Треть жизни протоиерея Владимира Отта прошла в Старом Осколе. А это более трех десятков лет. В октябре 1961 года он был назначен настоятелем Свято-Ильинского храма в Ездоцкой слободе. В мае 1984 года по состоянию здоровья был освобожден от этой должности и почислен за штат. Но и выйдя на заслуженный отдых, батюшка не покинул наши края. Он остался жить в церковной сторожке Ильинского храма. Участвовал по мере сил в церковной службе, без которой не мыслил своего существования. Принимал у себя в келье посетителей, приезжавших для духовных бесед с опытным священником из Губкина, Горшечного, Курска, Орла, Москвы…
28 июля 1992 года протоиерей Владимир Отт последний раз отметил день памяти своего небесного покровителя – святого равноапостольного князя Владимира. А сутки спустя, накануне своего 91-го дня рождения, завершил земной путь.
Из книги Владимира Отта «Сага о нашей семье»
«До 1925 года я почти не замечал как Нюру, так и Марусю. Знал, что какая-то девушка регентовала на правом клиросе, а другая, помоложе – на левом. Мне даже казалось, что ее зовут Валя. Наступил 1925 год. Приближался Великий Пост. Вечером под мясопустное воскресенье, что перед масленицей, во время всенощного бдения я стоял в алтаре около северных врат. Вдруг среди церковной службы раздался резкий ударный шум от падающих книг. Я оглянулся из алтаря на левый хор. То упали певческие книги, лежавшие на аналойчике. Но не это я увидел. Мой взор был прикован к девушке, стоявшей посреди хора. Ее задумчивый взор был устремлен как будто вдаль. На упавшие книги она не обратила никакого внимания. Она вся выражала собою чудный образ девушки во всей его чистоте, во всей его нежности, во всей его женственности… Я закрыл лицо руками и стоял несколько минут, пораженный красотою виденного. В тот же миг я почувствовал, что полюбил всей душой эту девушку. Впечатление было настолько сильно, чувство только родившейся любви было настолько глубоко, что я всю службу провел как во сне.
Всю наступившую масленичную неделю я ходил под впечатлением любимого образа. В ближайшие дни я старался осторожно, чрезвычайно осторожно, – чтобы не раскрыть и не задеть горевшего в душе священного огня любви, – расспросить, узнать, как же ее зовут, эту девушку – регента с левого клироса. И когда я узнал от нашего алтарного Николая, что зовут ее Анной и что она хорошая девушка, и что батюшка отец Алексий ее любил, – радость и спокойствие наполнили мою душу.

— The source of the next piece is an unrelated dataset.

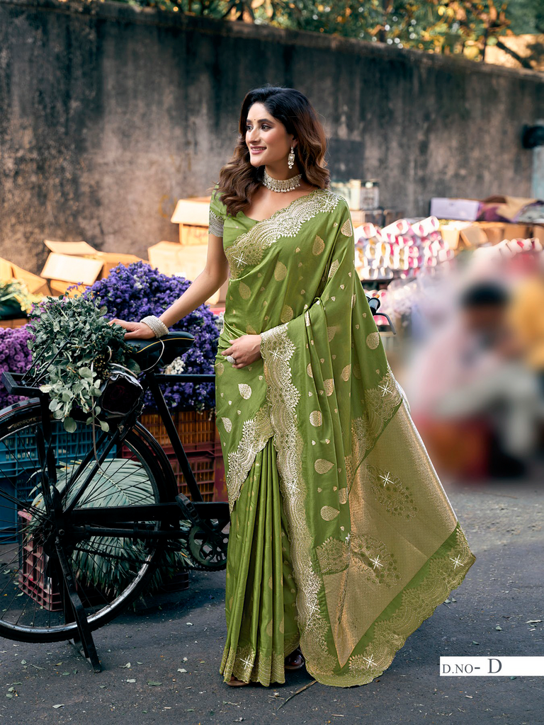 Meticulously crafted designer sarees featuring exquisite diamond work on premium art silk fabric. These vibrant, richly-colored pieces elevate special occasions with their exceptional craftsmanship and luxurious appeal. The perfect statement garment for creating memorable moments at weddings, celebrations, and formal gatherings.
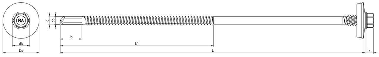 Bohrschraube zur Befestigung von Sandwichprofilen auf dickwandigen Stahlunterkonstruktionen.

Как дорого мне вдруг показалось имя «Анна», это лучшее из имен женских, это воплощение благодати и всей девичьей красоты!.. Всю масленицу я промечтал о ней.
Нужно было бороться за чистоту своего чувства, одновременно и очищая и проверяя глубину и серьезность его. Моя мечта стала разрисовывать картины моего сближения с ней, а порою в эти дни я допускал чересчур горячащие мысли.
Желая прийти к нашему духовнику с проверенным чувством, чтобы сообщить ему о родившейся любви и предоставить на его благословение мысль о браке, я решил наложить на себя в течение наступающего Великого Поста испытание: за этот период – дней Четыредесятницы – не прикасаться мыслью к любимому предмету, не впускать в душу мыслей и чувств, наплывавших за последнюю неделю, и уж, конечно, не сметь в эти дни так или иначе выказать ей или кому бы то ни было охватившее меня чувство любви.
Наступило Прощеное Воскресенье. После поздней обедни многие из нас по обычаю поехали на кладбище, на могилку к батюшке отцу Алексию. Поехал и я. В вагоне трамвая я увидел мою любимую девушку – Анну… О, как она была хороша, проста, скромна! С такой хорошей улыбкой она уважительно и ласково поздоровалась со мной…
На могиле старца-батюшки я ему поведал о своем новом чувстве и просил направить пo-Божьему все дело, очистить, помочь, если воля Божия на это, обрести доброе и правильное чувство любви к Анне… На этом я должен был закончить на время все мысли, чувства и думы о ней и в строгом самоиспытании провести Великий Пост. Если родившееся во мне чувство любви искренно, глубоко и совпадает с волей Божией обо мне и о ней, то я решил на Пасху снять с себя взятый мною искус и объявить обо всем духовнику…
Наступила Пасха. Мое чувство к Анне нисколько не ослабело. Проведенные дни поста и борьба с самим собою только очистили и глубоко закрепили мою любовь к ней. Предстояло открыться духовнику, но почему-то все получалось, что ему было некогда, – несколько раз разговор откладывался. Наступило 3-е мая.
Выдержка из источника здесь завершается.